Assigned task. Exactly as written, reproduce the lines from the beginning of the data through the line containing "男性向けラノベタイトル風あだ名 | 『スーパーウルトラギガントパーワーという概念が存在しない退屈な世界 』 |"; the pictures are not reproduced.

Supplied information.
===============

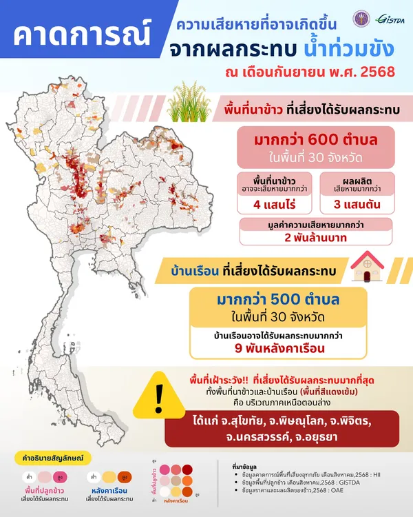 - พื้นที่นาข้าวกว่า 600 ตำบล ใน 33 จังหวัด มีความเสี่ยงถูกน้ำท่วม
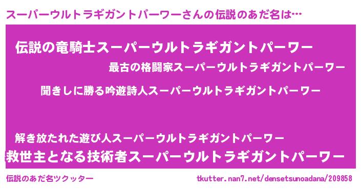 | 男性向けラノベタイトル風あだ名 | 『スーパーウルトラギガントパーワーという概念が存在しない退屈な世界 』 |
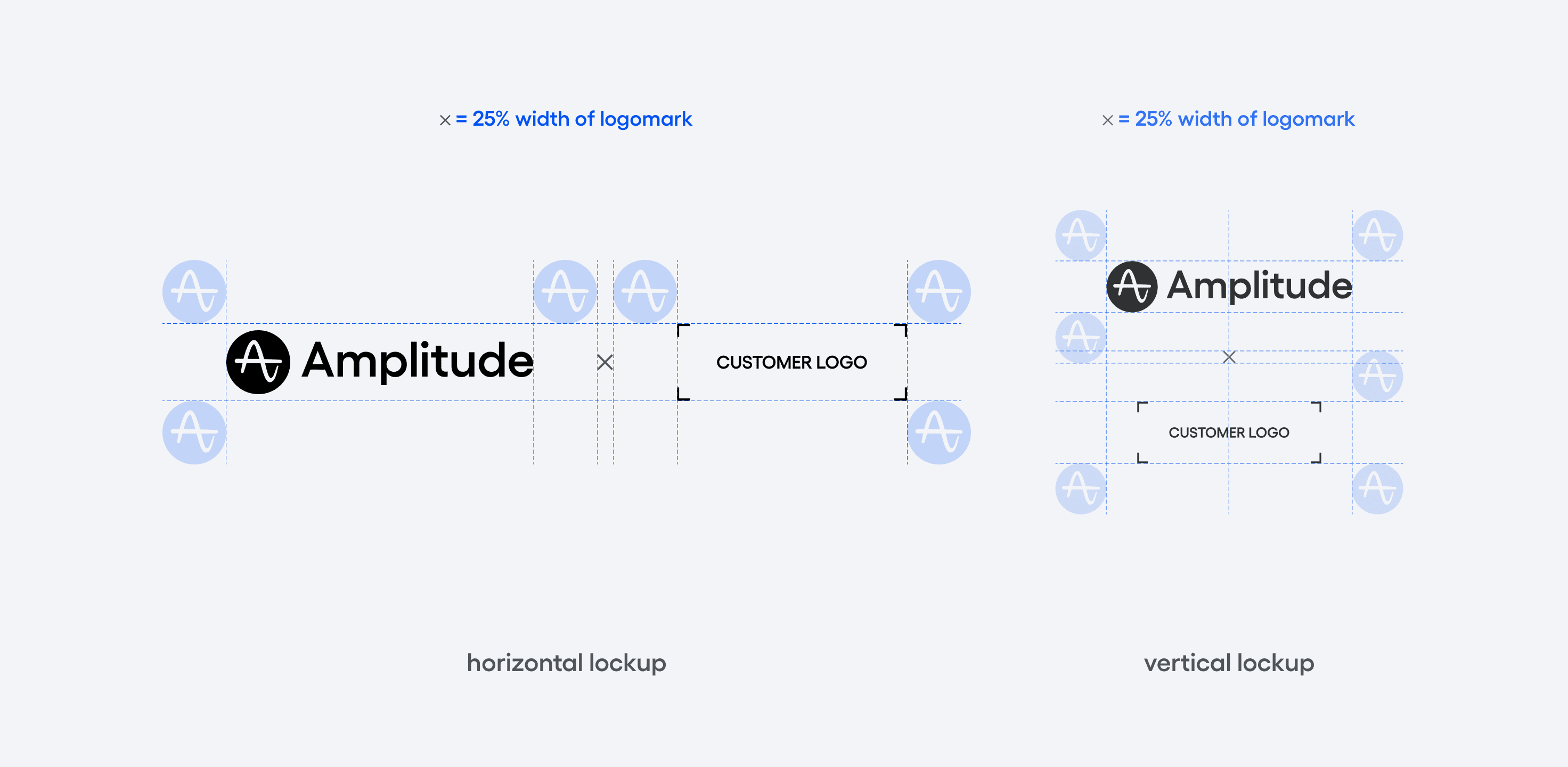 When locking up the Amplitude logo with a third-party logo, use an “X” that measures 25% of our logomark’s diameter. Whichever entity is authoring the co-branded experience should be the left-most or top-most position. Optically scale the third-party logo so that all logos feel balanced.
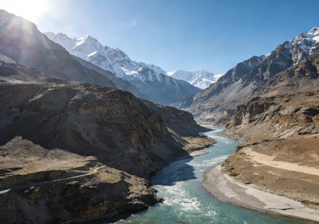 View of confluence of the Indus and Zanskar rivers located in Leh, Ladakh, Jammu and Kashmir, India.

===============

Solution to the problem.
 - พื้นที่นาข้าวกว่า 600 ตำบล ใน 33 จังหวัด มีความเสี่ยงถูกน้ำท่วม
 | 男性向けラノベタイトル風あだ名 | 『スーパーウルトラギガントパーワーという概念が存在しない退屈な世界 』 |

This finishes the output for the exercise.